Also, more to the point. I am not entirely sure what is the returned
exit code when the RHS of "||" fails, depending on the version of the
shell. We may not get the error condition that triggers 'trap' at all (!?)
That is one reason I want a mundane use of if/then/else/fi proposed in
the patch.

cf. Shell version dependency. Background:

[1] Here is a quote regarding the condition of error handled by trap from
"bash" man page.

About "trap [-lp] [arg] [sigspec ..]
    ...
     If a sigspec is ERR, the command arg is executed whenever a simple
     command has a non-zero exit status, subject to the following
     conditions. The ERR trap is not executed if the failed command is part
     of the command list immediately following an until or while keyword,
*    part of the test following the if or elif reserved words, part of a
*    command executed in a && or || list, or if the command return
     status is being inverted using !. These are the same conditions obeyed
     by the errexit option.

     => I am not entirely sure if the failure in the RHS of "||" in
     |verbose()| is trapped because of the above description.
     In the current version, maybe.

[2] A quote: "dash" man page (under Debian GNU/linux, it seems /bin/sh is
a link to /bin/dash),

    -e errexit' If not interactive, exit immediately if any untested
     command fails. The exit status of a command is considered to be
     explicitly tested if the command is used to control an if, elif,
     while, or until; or if the command is the left hand operand of an
     ''&&'' or ''||'' operator.

 => OK, so the left hand execution when it fails does not cause the
    trap to take effect even if it fails, and only the failure on the
    RHS is noticed.
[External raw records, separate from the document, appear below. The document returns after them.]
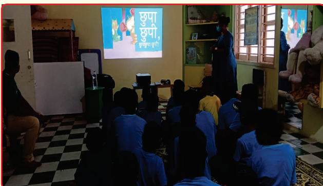
Teaching through projector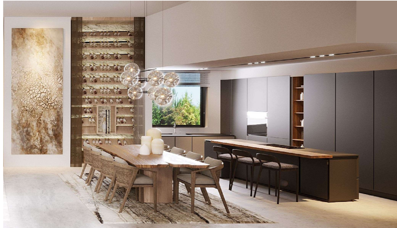
Imagen figurativa no vinculante. Propuesta de decoración opcional.

Cocina de diseño completa, de la marca Dica o similar equipada con electrodomésticos Neff . Los frentes lacados mate en color gris noche, extremadamente resistentes y muy fáciles de limpiar e higiénicos, se han combinado, con estantería y barra sobre encimera en color Olmo Natur.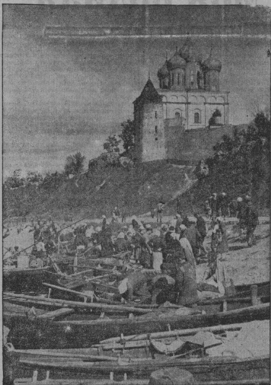
На псковском рынке царит такое оживление, что торговля происходит не только на суше, но и на воде. На снимке — красиво расположенный рыбный ряд псковского рынка на берегу реки Великой.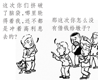
10. 人们一时语塞，低声再次问老根头……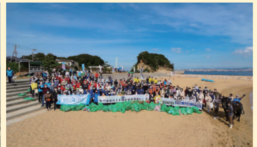
明石海峡（淡路市 岩屋ノ代海岸）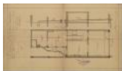
Verbeek Aug., Prinsenstraat Wijk P nr. 144 (deel), aansluiten met stadsriool, 19/9/1924 (BOUW#1924/9710)

Hmm...

[3] Venerable Single Unix Specification OpenGroup Posix specification
document.
http://pubs.opengroup.org/onlinepubs/7908799/xcu/chap2.html

This is POSIX!

-e
    When this option is on, if a simple command fails for any of the
    reasons listed in Consequences of Shell Errors or returns an exit
    status value >0, and is not part of the compound list following a
    while, until or if keyword, and is not a part of an AND or OR
    list, and is not a pipeline preceded by the "!" reserved word,
    then the shell will immediately exit.

     => So it doesn't say explicitly that the failure of the right
     hand side of "||" triggers the error processing defined by
     trap immediately. Thus, POSIX accommodates the both positions of
     "dash" and "bash" beautifully :-)

    cf. Here "AND" list or "OR" list is defined in POSIX.
     AND Lists
     The control operator && denotes an AND list. The format is:

     command1 [ && command2] ...

     First command1 will be executed. If its exit status is zero,
     command2 will be executed, and so on until a command has a
     non-zero exit status or there are no more commands left to
     execute. The commands will be expanded only if they are executed.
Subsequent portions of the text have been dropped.